Spirulina
Opis produktu:
Spirulina to mikro alga o niebiesko-zielonej barwie i spiralnym kształcie, należąca do grupy sinic.
Spirulina występuje w naturze w ciepłych wodach tropikalnych oraz subtropikalnych, a także jest uprawiana w warunkach sztucznych. Ze względu na bogatą zawartość naturalnych, łatwo przyswajalnych, a zarazem bezpiecznych substancji odżywczych jest nazywana „zielonym złotem”. Spirulina zawiera najwięcej drogocennych składników ze wszystkich poznanych roślin, dlatego stosuje się ją w bardzo szerokim zakresie.

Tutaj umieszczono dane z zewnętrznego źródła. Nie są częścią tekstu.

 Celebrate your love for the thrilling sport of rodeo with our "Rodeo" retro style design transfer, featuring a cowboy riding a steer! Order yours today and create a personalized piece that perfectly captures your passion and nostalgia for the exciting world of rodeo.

W produktach kosmetycznych ma swoje zastosowanie od bardzo dawna. Jest bogata w naturalną prowitaminę A i białka, które są niezbędne do odbudowy naskórka. Stymuluje odbudowę włókien elastycznych oraz fibroblastów.
Jest to źródłem białka, witamin, minerałów oraz nienasyconych kwasów tłuszczowych, a także potrzebnych aminokwasów, ponadto bogata w beta-karoten, którego jest 10 razy więcej niż w marchwi.

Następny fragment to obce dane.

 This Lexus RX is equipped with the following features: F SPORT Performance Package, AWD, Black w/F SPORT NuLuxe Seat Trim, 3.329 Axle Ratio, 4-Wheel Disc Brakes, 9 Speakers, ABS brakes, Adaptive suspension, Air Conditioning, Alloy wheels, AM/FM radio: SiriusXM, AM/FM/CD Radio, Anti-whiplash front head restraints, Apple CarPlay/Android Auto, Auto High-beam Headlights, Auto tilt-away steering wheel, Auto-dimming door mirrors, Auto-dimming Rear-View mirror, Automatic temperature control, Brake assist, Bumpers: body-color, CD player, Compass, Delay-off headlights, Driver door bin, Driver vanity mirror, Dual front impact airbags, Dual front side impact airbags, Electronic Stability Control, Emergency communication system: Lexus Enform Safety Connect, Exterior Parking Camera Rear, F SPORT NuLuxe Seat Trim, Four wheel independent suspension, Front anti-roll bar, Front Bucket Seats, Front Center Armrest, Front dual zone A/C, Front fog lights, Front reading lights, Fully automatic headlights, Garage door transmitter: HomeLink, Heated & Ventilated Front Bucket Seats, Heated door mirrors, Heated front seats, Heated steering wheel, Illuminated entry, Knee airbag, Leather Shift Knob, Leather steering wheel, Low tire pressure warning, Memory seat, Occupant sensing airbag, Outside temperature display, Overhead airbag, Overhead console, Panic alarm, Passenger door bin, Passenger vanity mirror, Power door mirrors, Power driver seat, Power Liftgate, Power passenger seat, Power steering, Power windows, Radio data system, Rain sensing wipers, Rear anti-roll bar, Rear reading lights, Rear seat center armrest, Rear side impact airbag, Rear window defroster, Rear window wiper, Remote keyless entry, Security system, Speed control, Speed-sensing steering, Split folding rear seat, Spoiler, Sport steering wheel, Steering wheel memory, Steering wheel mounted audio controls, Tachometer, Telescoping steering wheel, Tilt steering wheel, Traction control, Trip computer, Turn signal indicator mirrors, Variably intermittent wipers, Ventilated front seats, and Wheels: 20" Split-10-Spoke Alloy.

Spirulina stanowi także bogate źródło kwasu linolowego i linolenowego. Inne witaminy, które są w spirulinie to: B1, B2, B3, B5, B6, B9, B12, kwas foliowy, kwas pantotenowy, niacyna, biotyna, witamina E oraz C, magnez, selen, cynk itd.

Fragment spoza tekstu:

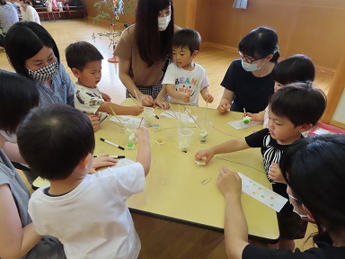 今年は、新型ウイルスの影響で、未就園児親子登園『さくらんぼ』が6月からの開始となりました。
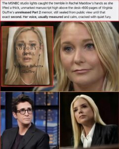 The MSNBC segment was already charged. Rachel Maddow had been dissecting the latest round of sealed-document releases tied to Jeffrey Epstein’s network when her producer slid a plain cardboard box across the desk during a commercial break. Inside: a thick, unmarked manuscript labeled only “Virginia Giuffre – Part 2 – Final Draft.” Giuffre’s estate had quietly delivered it that afternoon with instructions to air its existence if the moment felt right. Maddow opened the box on live television, lifted the 600-page stack, and held it toward the camera like evidence in a courtroom.

Moja spirulina znajduje się w plastikowym opakowaniu, które mieści 30 g produktu. Kosmetyk jest ciemnozielonej barwy, ma bardzo intensywny zapach. Konsystencja dobrze zmielonego proszku, bez grudek.
Do wykonania maseczki przyda nam się: spirulina, woda, pędzel, opakowanie w którym przygotujemy mieszankę.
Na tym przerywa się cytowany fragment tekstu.